Washington Supreme Court, 1916

Carstens Packing Co. v. Lewis C. Troughton, Inc.

Carstens Packing Co. v. Lewis C. Troughton, Inc.
Washington Supreme Court · Decided March 7, 1916 · Bausman, Holcomb, Main, Morris, Parker
90 Wash. 196; 155 P. 758; 1916 Wash. LEXIS 881

Carstens Packing Co. v. Lewis C. Troughton, Inc.

Opinion of the Court

Bausman, J.

The packing company became defendants’ lessee of three markets under the same lease, for the same one-year period, and for one gross rental, for which reason it could not abandon one of the markets while keeping the others. However, it could do so and, according to the find*197ings of the lower court, did do so with defendants’ assent. As to this last, there being directly contradictory statements, the finding against defendants must be sustained. There was testimony also to support the amount apportioned to the market released.
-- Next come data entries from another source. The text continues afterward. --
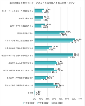 小学生保護者・中学生保護者・高校生保護者とも、「ネイティブ教員による授業数が多い」が最も多かった。次いで、「希望者が参加できる海外研修制度がある」も、半数以上の保護者が魅力的だと思っていることが分かった。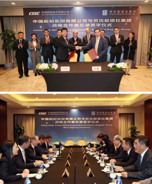 ????12月2日,中國船舶集團(tuán)有限公司與勞氏船級社集團(tuán)在上海簽訂戰(zhàn)略合作備忘錄,標(biāo)志著雙方的合作開啟了新的歷史篇章。中國船舶集團(tuán)董事長雷凡培,副總經(jīng)理孫偉、姜仁鋒,勞氏船級社集團(tuán)首席執(zhí)行官Alastair Marsh共同見證雙方簽約。中國船舶集團(tuán)副總經(jīng)理杜剛、勞氏船級社集團(tuán)船舶與海工總裁Nick Brown分別代表雙方在備忘錄上簽字。簽約前,雙方圍繞全球船舶海工市場及技術(shù)發(fā)展趨勢作了交流,就進(jìn)一步加強(qiáng)交流溝通、深化戰(zhàn)略合作進(jìn)行了深入探討并達(dá)成廣泛共識。
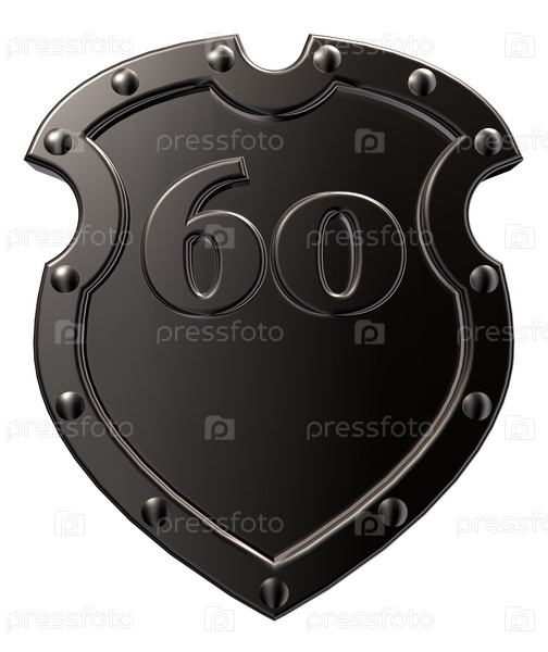Металлический щит с номером 60 на белом фоне - 3d иллюстрация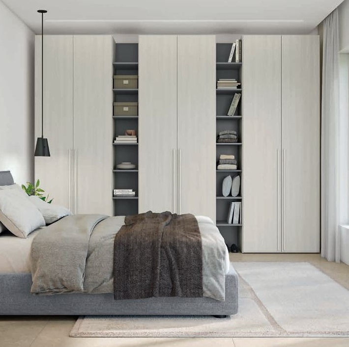 Questa scelta permette di creare personalizzazioni su tutta la facciata dell'armadio con nicchie porta oggetti, nicchie libreria, e nicchia porta monitor tv. L'inserimento di ripiani a richiesta, rende ancora più utile e completo questo spazio aperto multifunzione perfetto per armadiature pensate non solo per la camera da letto ma anche per altri ambienti della casa di passaggio come il corridoio o per una seconda stanza uso ufficio o cabina armadio accessori.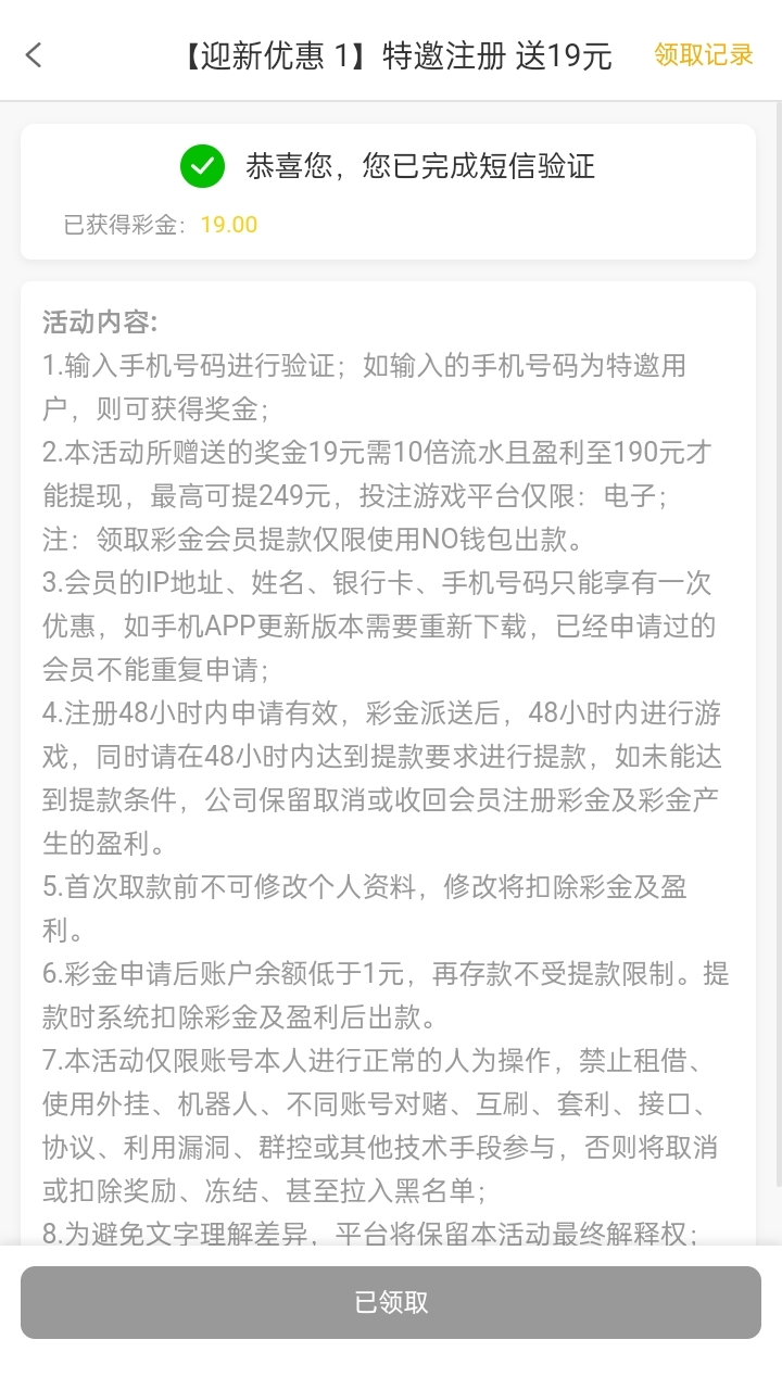 大家都可以去试一试 能接到验证码表示能领到
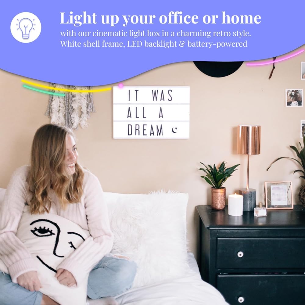 ⚡ تعد لوحة رسائل LED المستوحاة من حروف السينما القديمة هي الوسيلة المثالية لنقل اقتباساتك التحفيزية أو التعبير عن مشاعرك أو مجرد إضافة جميلة كعلامات مضيئة لغرفة النوم.

After delivering the markets, appellant, assuming to act as the packing company’s temporary manager, made a twelve months’ contract with a newspaper for advertising these stores. This was done without previous authority. On the other hand, the packing company’s agents made the payments during several months before the head of that company perceived what they were doing. Here the latter, who might perhaps have repudiated the thing successfully, as between him and this manager, failed to do so, for he distinctly admits that, in order to “smooth relations” with appellant, he continued to permit three or four monthly payments from the packing company’s funds. We must reject the finding of the lower court which charged this item to the appellant as both a fraud in its own interest and as a sum agreed by appellant to be charged back to it by the packing company. Nothing sustains the theory of fraud on the remote motive that the appellant, looking ahead a year, felt it would have these markets back at the end of that time the better for this advertising; and as to the agreement to let the packing company charge it back to the appellant, not only is this denied, but it seems unfair on the face of things and without consideration. In the first place, it was the packing company that had been getting the benefits of this advertising, was then getting it, and was still to get it at the time of this talk. In the second place, the packing company continued to make the payments about three months more. The law is quick to fasten ratification on a principal when he has both received benefits and has discovered the unauthorized act. He must repudiate wholly, finally, and at once.

The judgment is ordered to be modified, and the case is remanded to the lower court with instructions to enter a decree *198in which the appellant will be relieved of the items of advertising set out in the fifth finding of fact.

Morris, C. J., Main, Holcomb, and Parker, JJ., concur.